La bestia


La bestia

¡De sólo pensarlo me hierve la sangre! Se dijo en voz baja, intentando apaciguar la furia que comenzaba a brotar desde el estómago y se arrastraba pesada y libre hacia arriba, atravesando el pecho, inundándolo de brasas ardientes, colmando su garganta de espinas y vidrios rotos, atormentando su mente con miles de pensamientos bruscos e incoherentes entreverados y enredados entre sí.

Una frase corta, un mensaje en el teléfono de un desconocido, sencillo, quieto, indiferente: “Consiga un abogado” le dijo ese empleado sin nombre y sin intención de resolver el problema que ellos, alguno de ellos, había generado.

En su mente comenzaron a desparramarse imágenes fugaces de ruedas pinchadas, de ventanales rotos, de escándalos, de horas sentada en esa silla y de empleados de seguridad empujándola hacia afuera. De discusiones acaloradas y llantos furiosos, sillas volando y papeles quemados. Todo eso iba a hacer, ¡no saben con quién se metieron!

Y en esas discusiones mentales los veía sonriendo con desparpajo burlándose de su situación, ¡que ellos habían provocado!

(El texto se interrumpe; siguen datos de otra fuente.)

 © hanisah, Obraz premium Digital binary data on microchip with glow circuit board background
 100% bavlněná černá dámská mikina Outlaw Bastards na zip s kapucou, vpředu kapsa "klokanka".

-“¿Cómo que necesito un abogado? ¡¿Qué les pasa?! Yo hice todo bien, firmé todo lo que me dijeron que firme, pagué todo lo que me dijeron que tenía que pagar, ¡¡¡¿y ahora necesito un abogado?!!!”

La furia la consumía cada vez mas internamente, más profundamente, el cuerpo le temblaba y su piel se había puesto roja como si estuviera muy cerca de una hoguera enorme, con la boca seca y las lágrimas de odio inundando su cara decidió detenerse en la banquina un momento para no chocar, se dio cuenta de que había recorrido unos cuantos kilómetros sin notarlo, ya estaba cerca de su casa.

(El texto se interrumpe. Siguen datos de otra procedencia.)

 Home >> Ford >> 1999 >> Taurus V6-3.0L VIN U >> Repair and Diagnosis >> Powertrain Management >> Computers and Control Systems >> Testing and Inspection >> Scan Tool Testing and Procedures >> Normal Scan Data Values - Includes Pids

Puso las balizas y estacionó cerca del cordón, casi nunca había estacionado tan bien como ese día, su falta de atención al mundo la ponía más precisa, pensó después.

Cerró los ojos con la intención de entender ese brote físico y emocional que la estaba atravesando, pero, por más fuerza que hacía lo único que veía eran los rostros burlones de los empleados comentando entre ellos lo poco que les importaba su situación, la que ellos habían provocado.

En un intento de frenar el tornado interno, pero sin ningún control sobre sí misma, envió a uno de sus muertos para que acompañe a “ese” que le había mandado el mensaje devastador. “Que sienta tu olor a podrido”, le indicó.

Y en ese preciso momento, a kilómetros de distancia, el empleado se descompuso al sentir un olor a carne putrefacta a su lado, cayendo casi desmayado en una silla cercana, se puso pálido y sus ojos dejaron de cerrarse, casi instantáneamente perdió la noción del suelo y del equilibrio, no podía contener las ganas de vomitar, las náuseas le nacían en algún lugar desconocido de su cuerpo.

Repasó en su mente lo que había comido durante el día suponiendo que se había intoxicado sin notar en ningún momento la presencia de “su muerto”. Nadie más que él podía sentir el olor, era suyo ahora, lo perseguía.

El pobre muerto sólo podía hacer aquello para lo que lo habían enviado, y ahí se quedó un buen rato desparramando su hedor, poniendo gusto a podrido y a viejo en la boca del empleado indiferente a su sufrimiento.

Sin pensamientos, sin objetivos, sin argumentos, sin posibilidades de hacer otra cosa, el espectro sólo cumplía su cometido sin juzgar esperando solamente la orden de regresar a su purgatorio para seguir con su propio calvario. Después de todo, estar ahí haciendo algo era mejor que estar en ningún lado, pero eso tampoco lo sabía.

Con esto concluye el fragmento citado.